* Instructions to follow: I need the lines from the one holding "По отпусте литургии" to the last line of the data below repeated exactly, both included, without pictures.

[Recorded data]
————

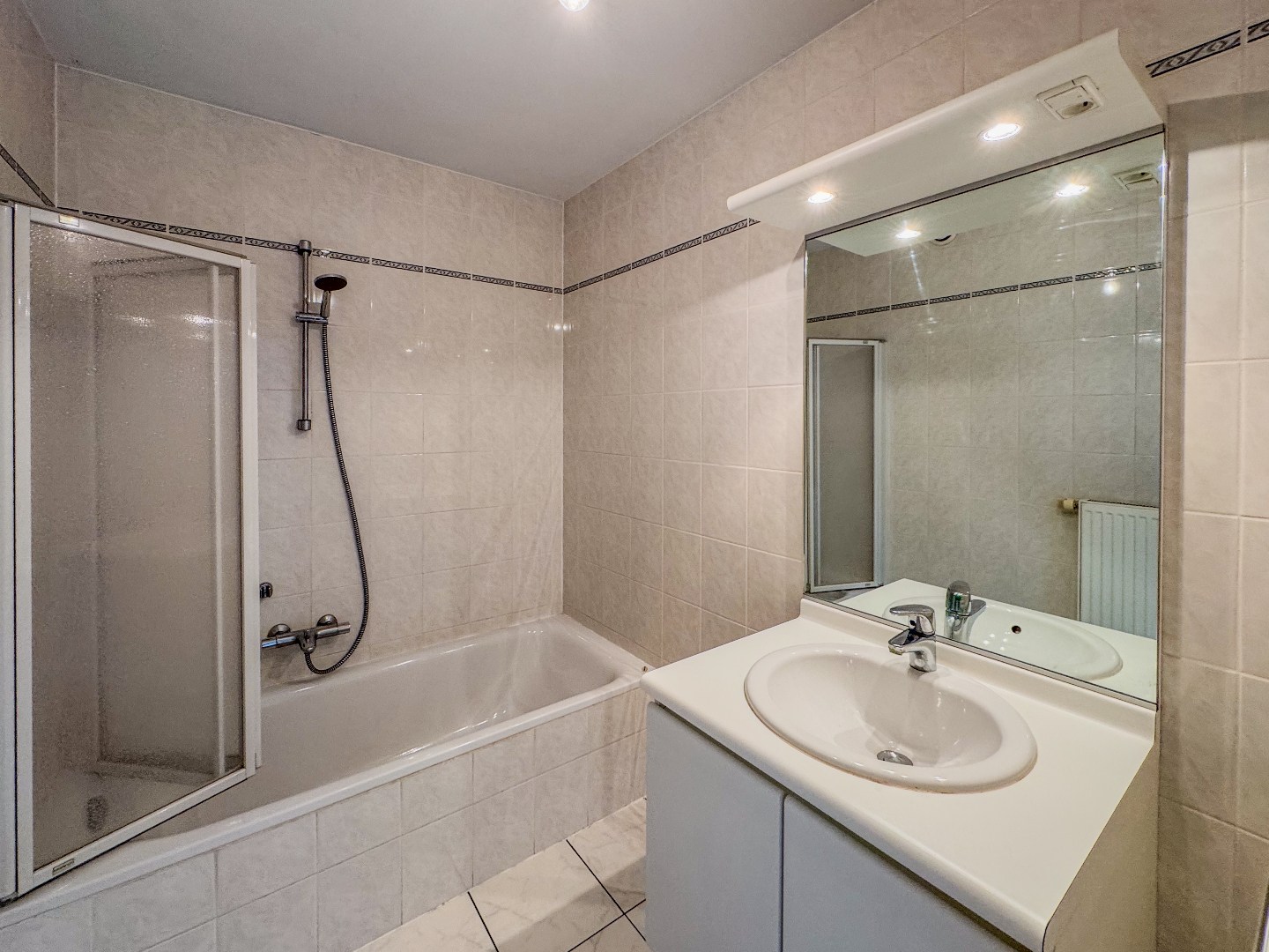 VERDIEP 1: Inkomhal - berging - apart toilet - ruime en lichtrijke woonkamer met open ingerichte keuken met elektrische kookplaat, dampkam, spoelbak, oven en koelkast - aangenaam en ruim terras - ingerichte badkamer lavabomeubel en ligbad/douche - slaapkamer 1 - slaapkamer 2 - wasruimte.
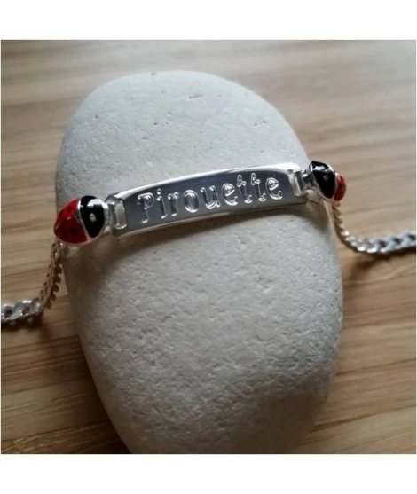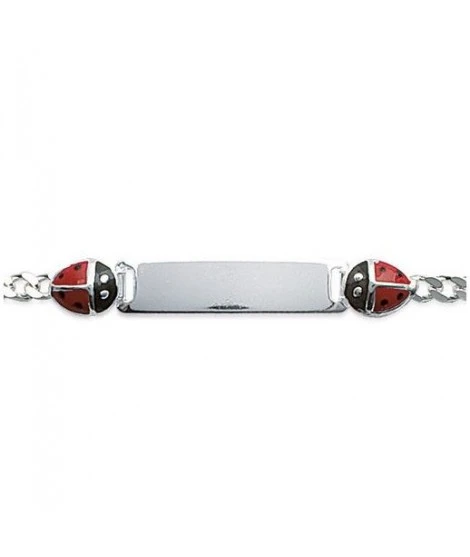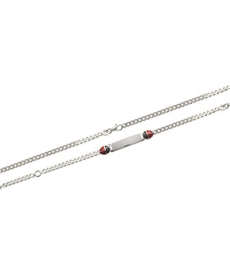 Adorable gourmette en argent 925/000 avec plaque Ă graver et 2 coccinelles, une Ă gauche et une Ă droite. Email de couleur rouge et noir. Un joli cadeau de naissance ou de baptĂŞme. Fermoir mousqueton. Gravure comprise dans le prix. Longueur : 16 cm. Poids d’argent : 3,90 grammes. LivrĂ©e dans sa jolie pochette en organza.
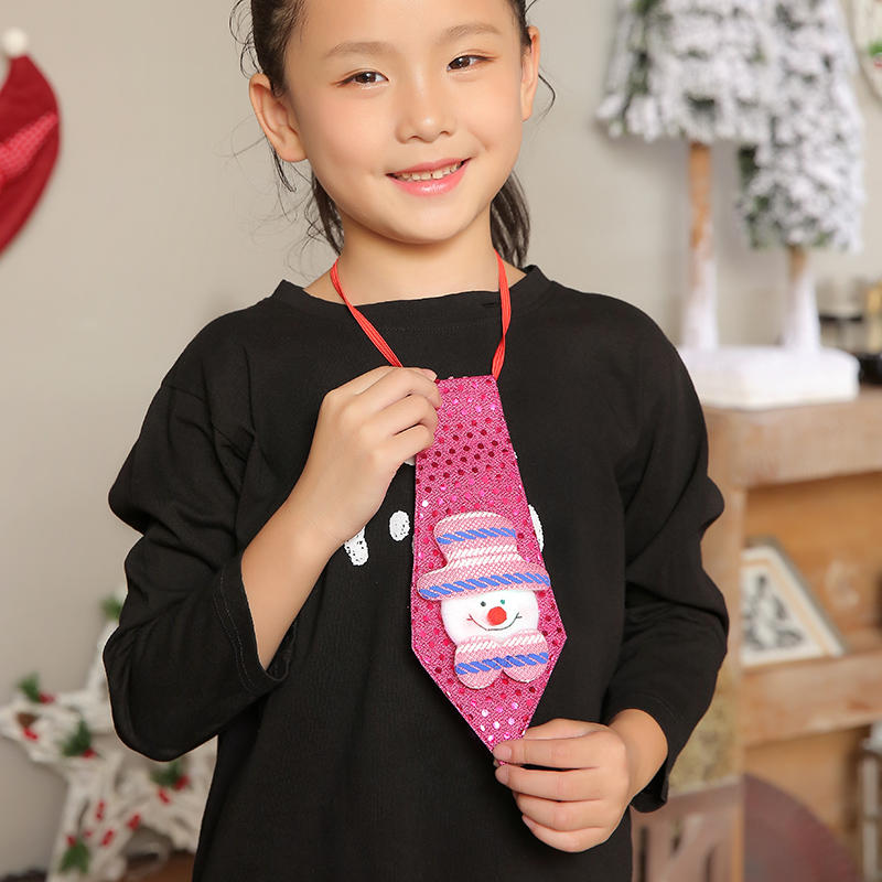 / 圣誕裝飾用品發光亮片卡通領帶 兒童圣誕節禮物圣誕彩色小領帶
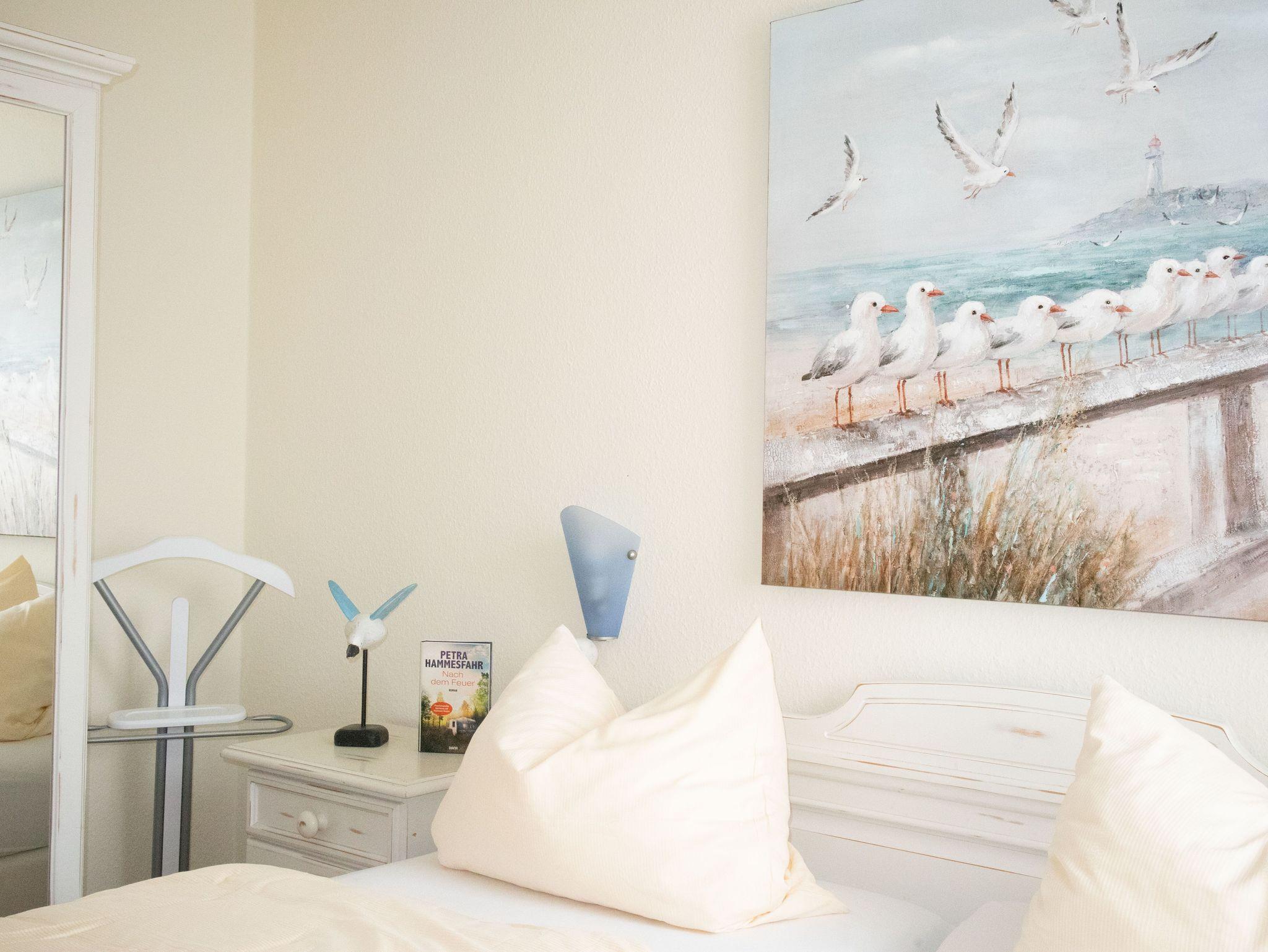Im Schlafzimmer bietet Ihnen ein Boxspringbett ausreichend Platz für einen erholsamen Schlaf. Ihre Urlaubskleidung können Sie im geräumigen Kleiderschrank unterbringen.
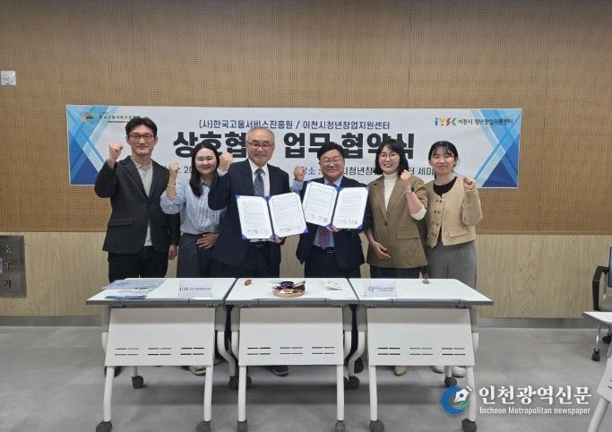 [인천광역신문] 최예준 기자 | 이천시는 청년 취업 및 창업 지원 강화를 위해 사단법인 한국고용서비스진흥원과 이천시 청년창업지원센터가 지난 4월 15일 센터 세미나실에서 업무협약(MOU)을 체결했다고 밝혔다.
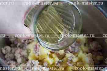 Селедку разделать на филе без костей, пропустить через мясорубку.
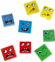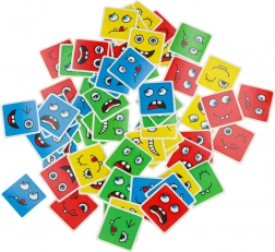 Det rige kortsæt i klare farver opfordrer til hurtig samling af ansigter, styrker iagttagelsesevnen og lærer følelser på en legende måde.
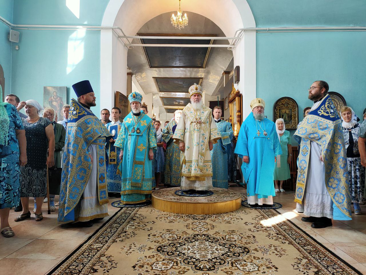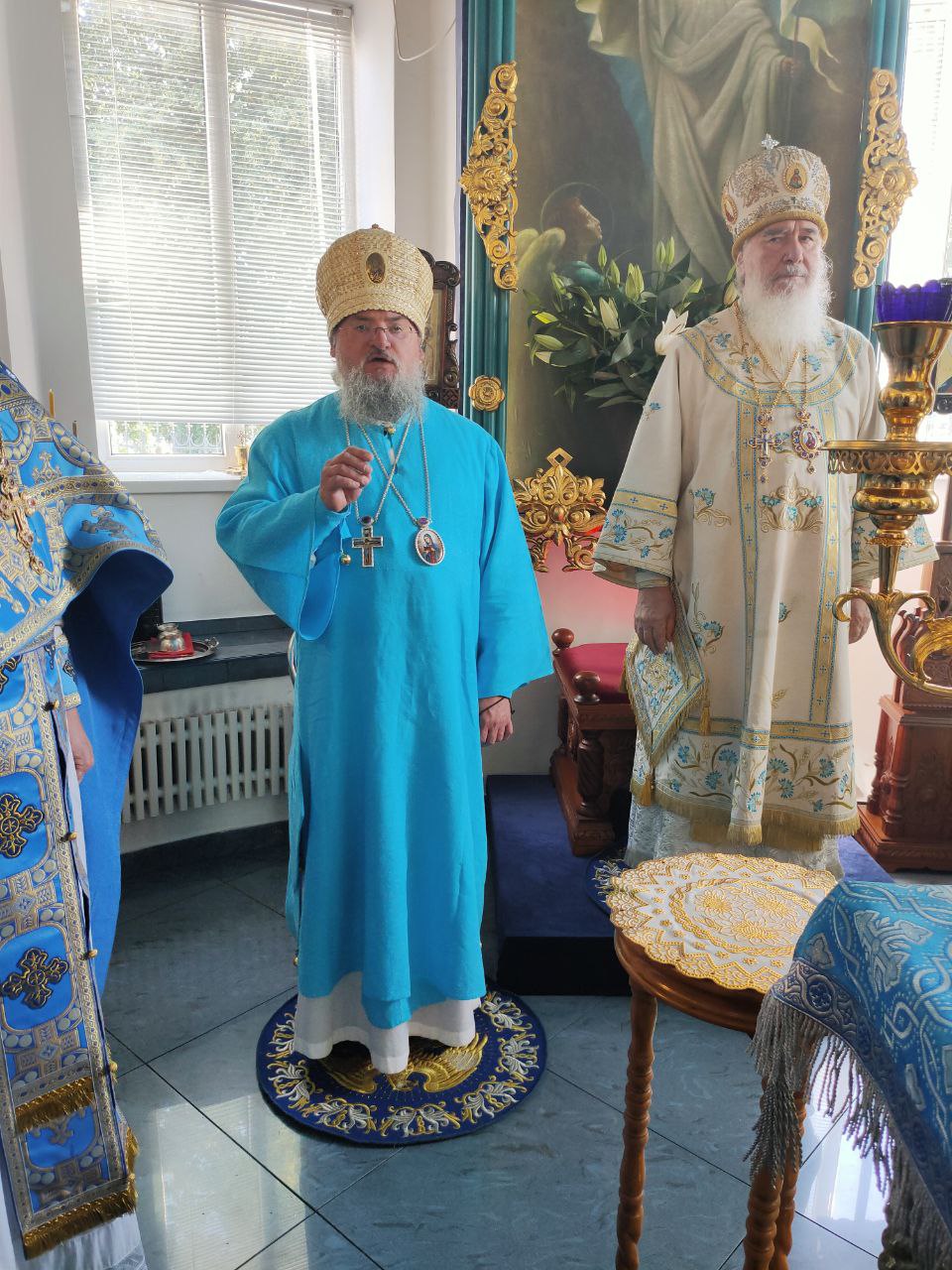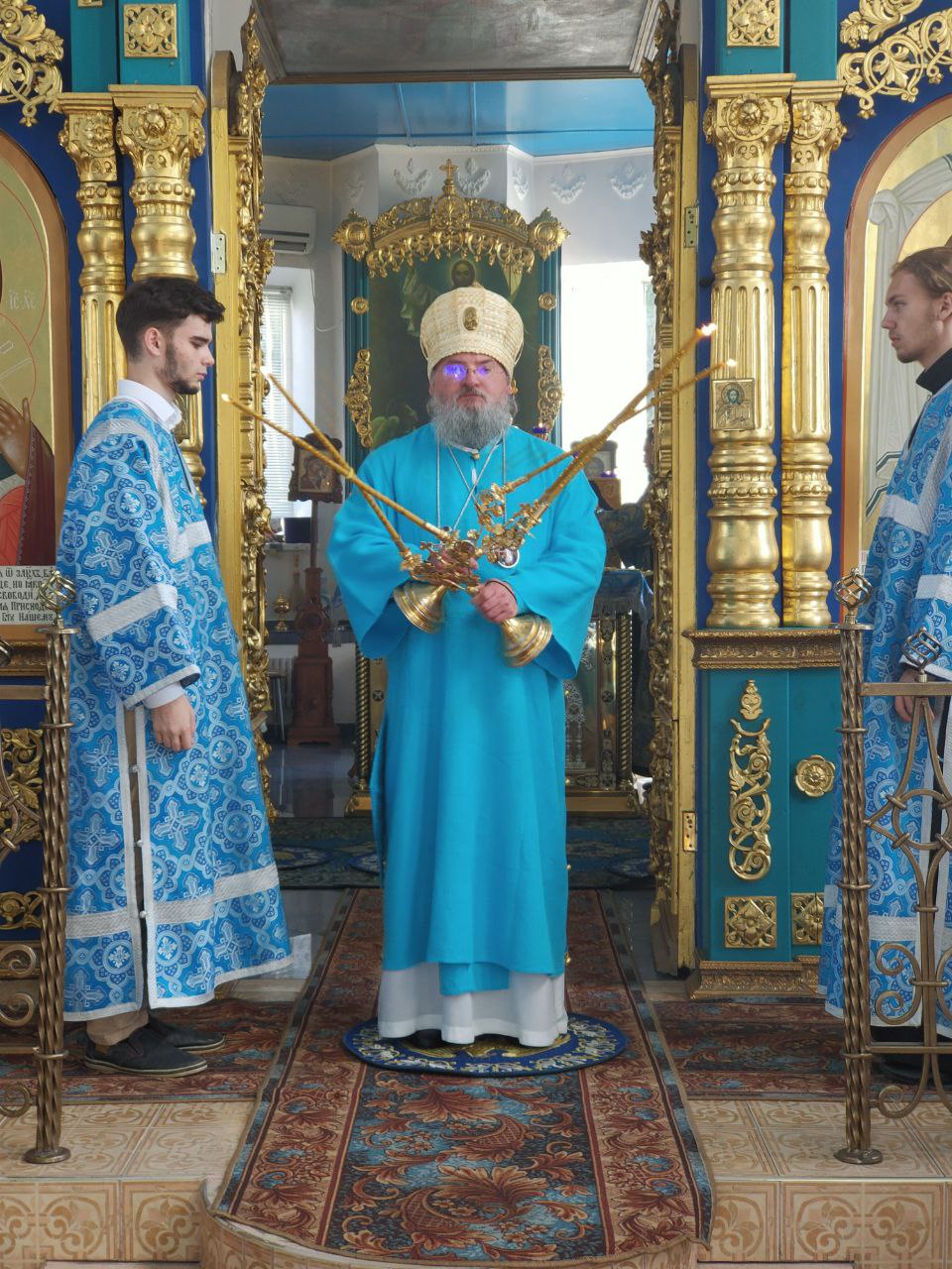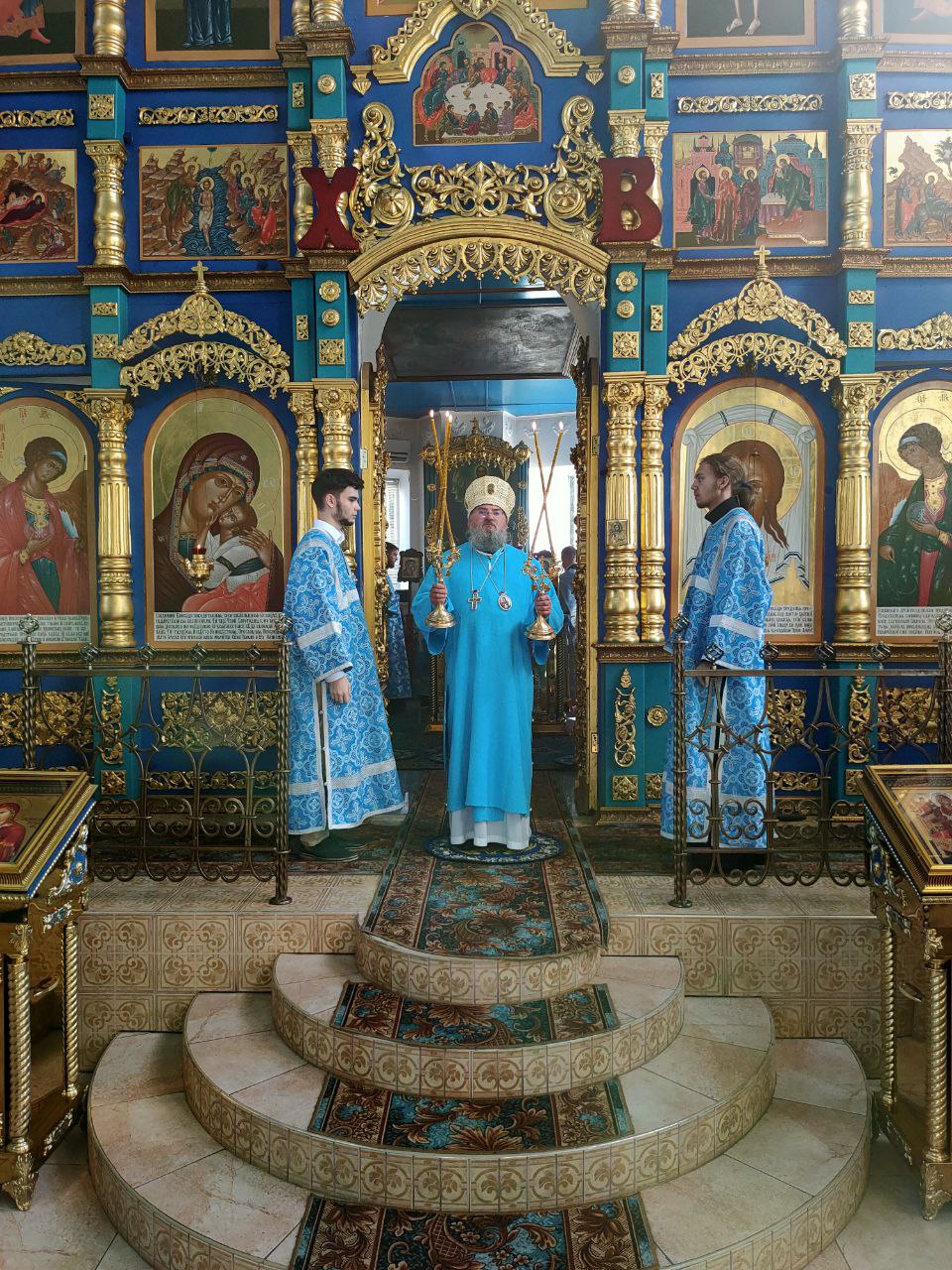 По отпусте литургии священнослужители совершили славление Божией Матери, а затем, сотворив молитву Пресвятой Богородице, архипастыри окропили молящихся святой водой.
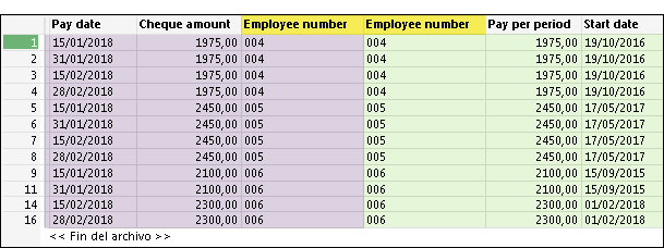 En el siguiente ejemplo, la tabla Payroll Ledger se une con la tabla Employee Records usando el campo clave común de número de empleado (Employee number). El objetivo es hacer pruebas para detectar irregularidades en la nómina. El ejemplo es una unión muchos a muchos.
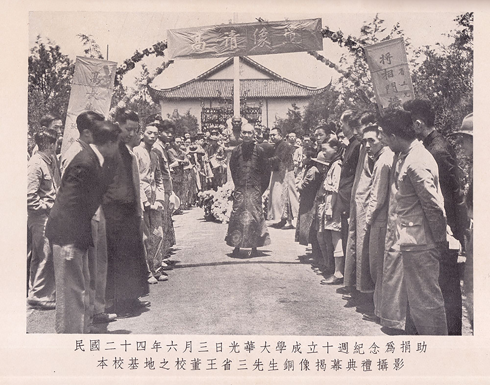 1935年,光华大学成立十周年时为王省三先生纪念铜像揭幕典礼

————

* Task response:
 По отпусте литургии священнослужители совершили славление Божией Матери, а затем, сотворив молитву Пресвятой Богородице, архипастыри окропили молящихся святой водой.
 En el siguiente ejemplo, la tabla Payroll Ledger se une con la tabla Employee Records usando el campo clave común de número de empleado (Employee number). El objetivo es hacer pruebas para detectar irregularidades en la nómina. El ejemplo es una unión muchos a muchos.
 1935年,光华大学成立十周年时为王省三先生纪念铜像揭幕典礼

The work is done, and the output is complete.